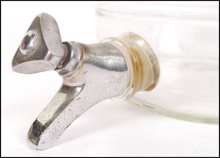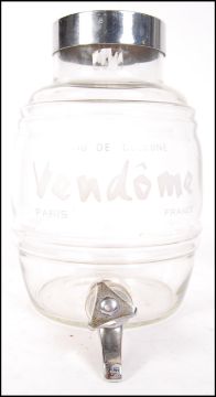 A mid 20th Century circa 1950's vintage chemists apothecary shop advertising point of sale large perfume dispensary, made from toughened glass of barrel form with a chromed lid steel tap to the base. Notation to front in bold lettering reading ' Eau De Cologne Vendome Paris France ' . Measures 29cm tall.
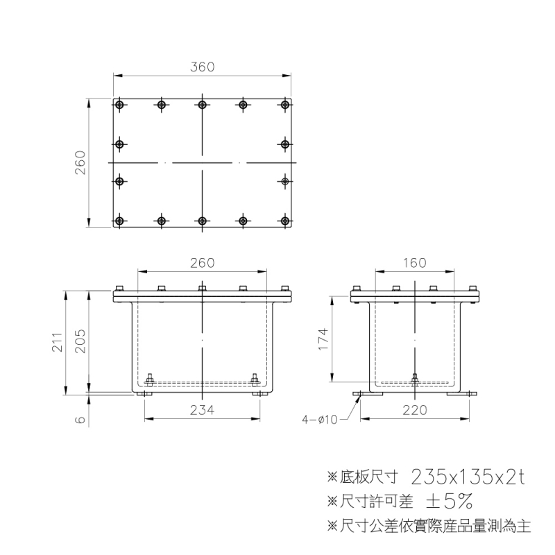 | 外型尺寸(mm) | L(圖A) 360 W(圖B) 260 H(圖C) 205 |
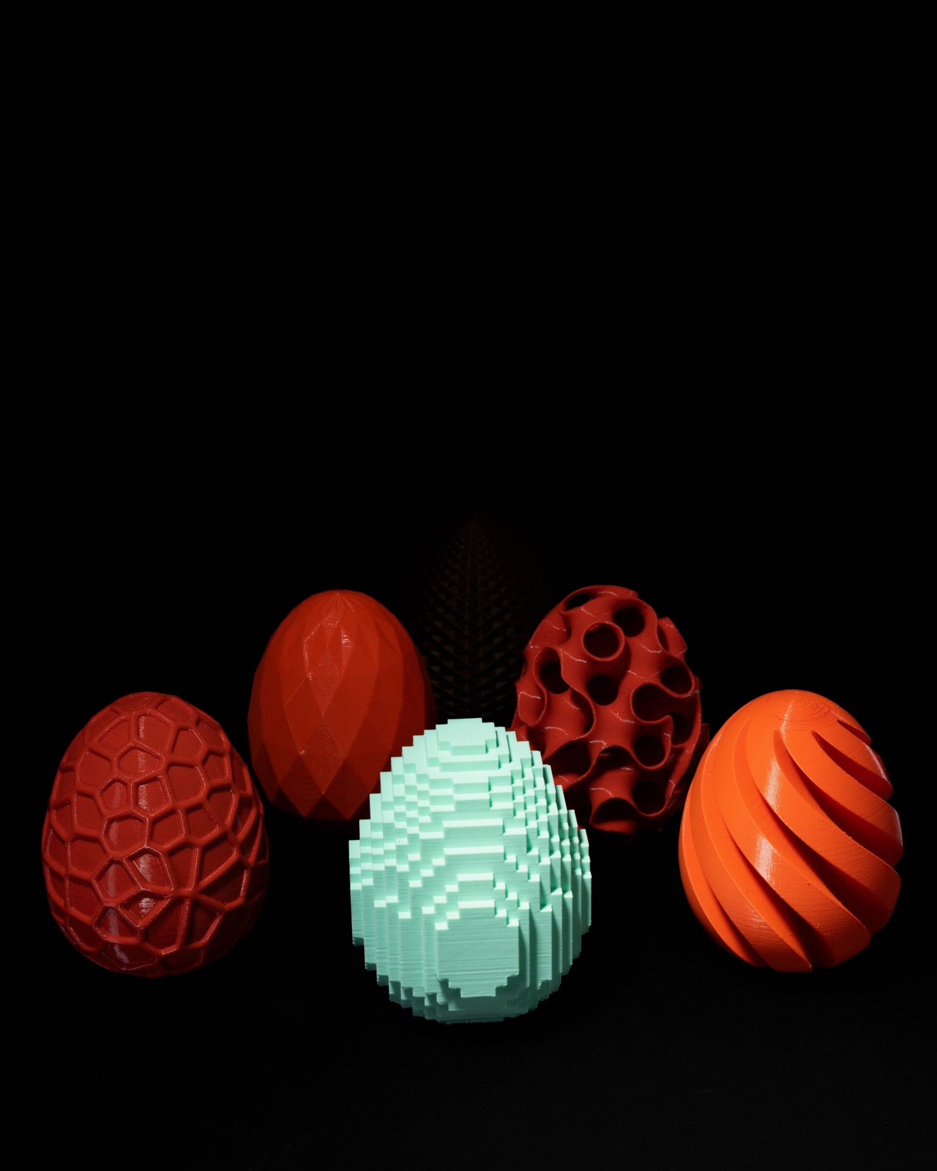 Here are 6 awesome home decor 3D printed eggs in 6 different styles: Gyroid, Pixel, Triangle, Twisted, Voronoi, and Low-poly!
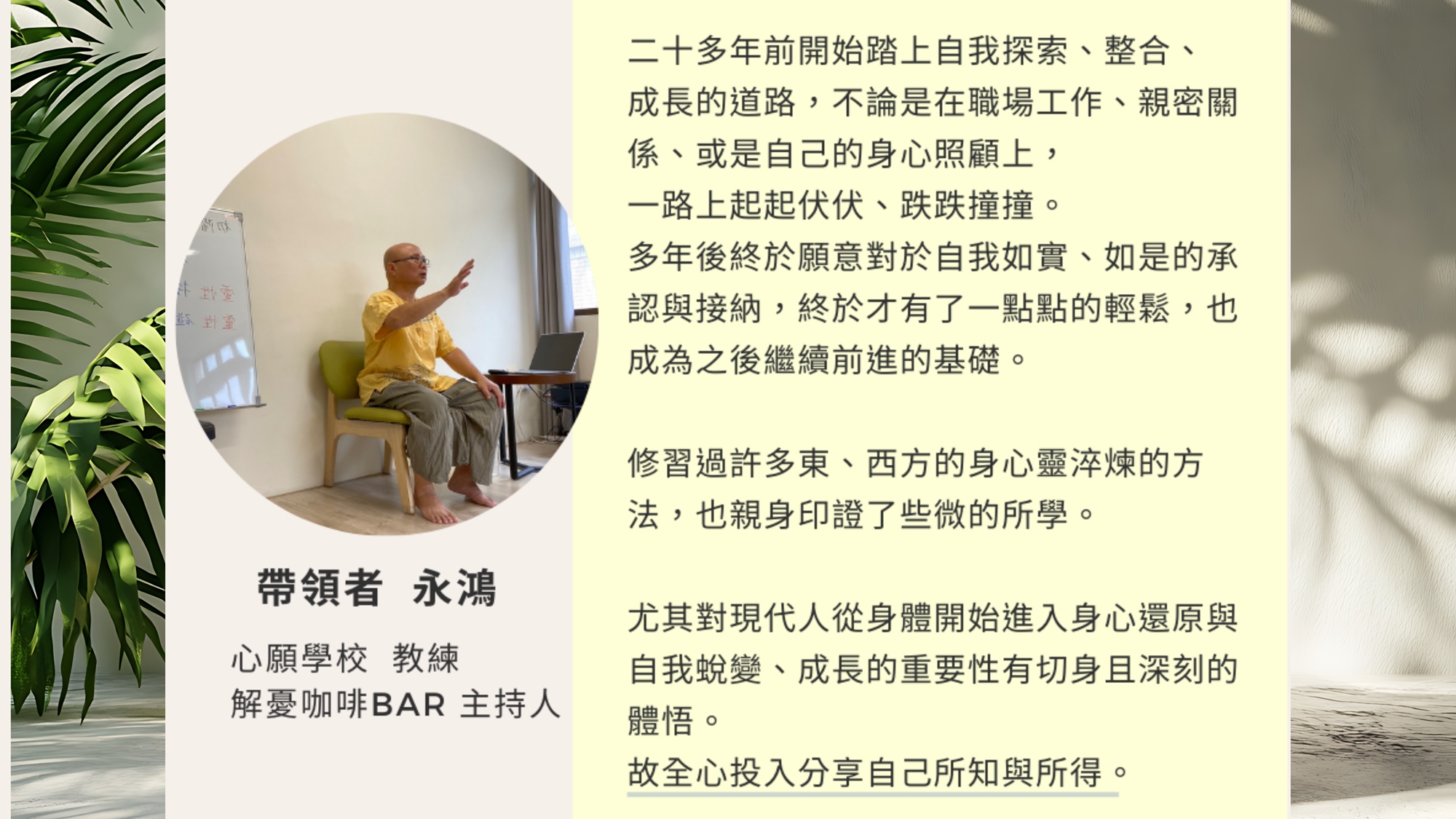 學習在不費力的自然狀態下將重量交給地板,讓身體回到歸零狀態。這種由內而外的平衡,讓你在面對工作、生活中的每一步都更輕鬆、更持久。
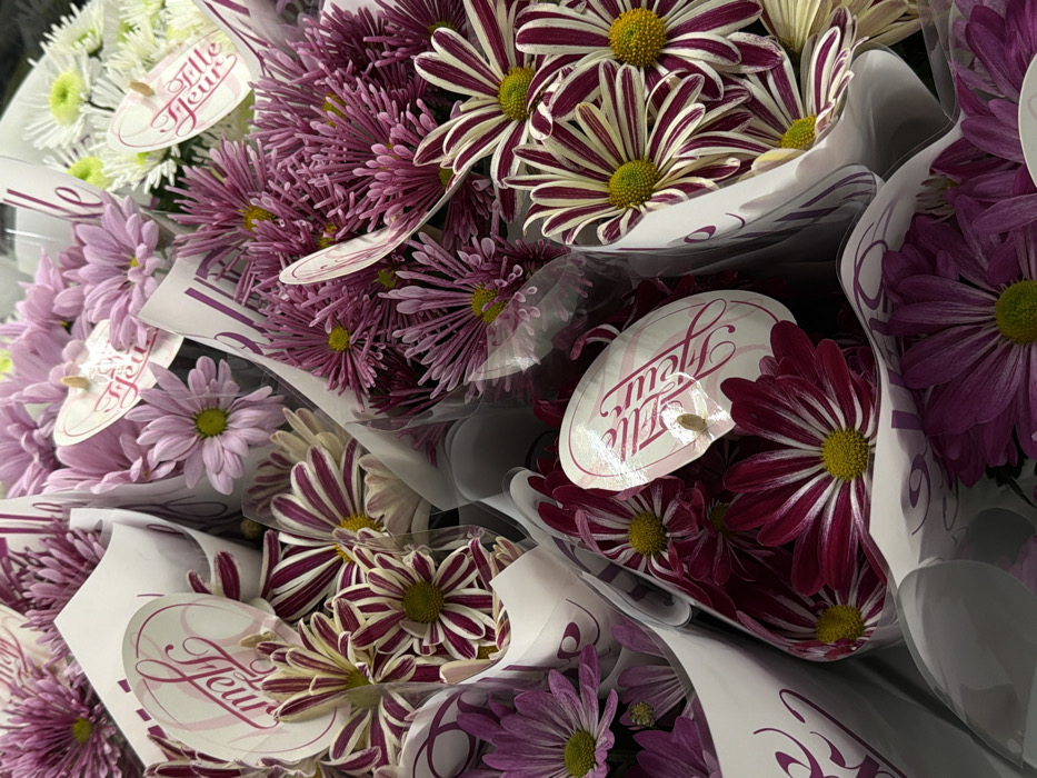 An overhead shot shows multiple flower bouquets. The bouquets feature flowers in shades of white, light purple, deep purple, and purple with white stripes. Each bunch is wrapped in clear plastic with a white label that has purple writing on it. The flowers all have yellow centers. The bundles are arranged closely, creating a dense and vibrant floral display.
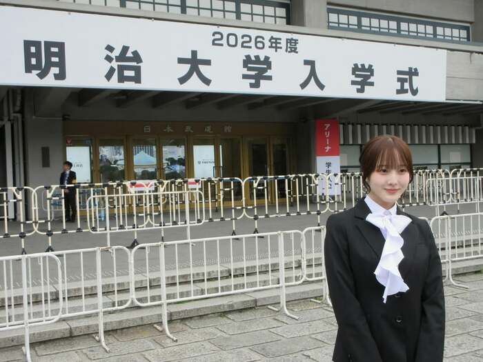 そこには、「2026年度 明治大学入学式」と書かれた大きなパネルがかけられた会場をバックに、微笑みながらたたずむ紗来さんの姿が。同じく明治大学出身の真凜さんの後輩になるようです。
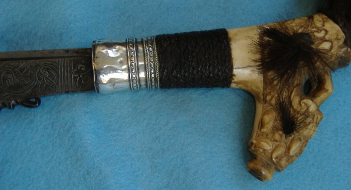 I am not that deep into the classification, so I always wait for others to do the name game. I a pretty good in Oooohs and Aaaahs, and awesome cool sword... ! Here is a picture that you probably already know. Wonderfull that all the orignal hair is still there. Do you have some close ups op how the hait is connected to the scabbard ? Best regards, Willem Last edited by asomotif; 19th May 2013 at 12:56 PM. |
---+---
| Task to complete |
Skip the pictures and print each record exactly as it stands.

| Reply |
 A mid 20th Century circa 1950's vintage chemists apothecary shop advertising point of sale large perfume dispensary, made from toughened glass of barrel form with a chromed lid steel tap to the base. Notation to front in bold lettering reading ' Eau De Cologne Vendome Paris France ' . Measures 29cm tall.
 | 外型尺寸(mm) | L(圖A) 360 W(圖B) 260 H(圖C) 205 |
 Here are 6 awesome home decor 3D printed eggs in 6 different styles: Gyroid, Pixel, Triangle, Twisted, Voronoi, and Low-poly!
 學習在不費力的自然狀態下將重量交給地板,讓身體回到歸零狀態。這種由內而外的平衡,讓你在面對工作、生活中的每一步都更輕鬆、更持久。
 An overhead shot shows multiple flower bouquets. The bouquets feature flowers in shades of white, light purple, deep purple, and purple with white stripes. Each bunch is wrapped in clear plastic with a white label that has purple writing on it. The flowers all have yellow centers. The bundles are arranged closely, creating a dense and vibrant floral display.
 そこには、「2026年度 明治大学入学式」と書かれた大きなパネルがかけられた会場をバックに、微笑みながらたたずむ紗来さんの姿が。同じく明治大学出身の真凜さんの後輩になるようです。
 I am not that deep into the classification, so I always wait for others to do the name game. I a pretty good in Oooohs and Aaaahs, and awesome cool sword... ! Here is a picture that you probably already know. Wonderfull that all the orignal hair is still there. Do you have some close ups op how the hait is connected to the scabbard ? Best regards, Willem Last edited by asomotif; 19th May 2013 at 12:56 PM. |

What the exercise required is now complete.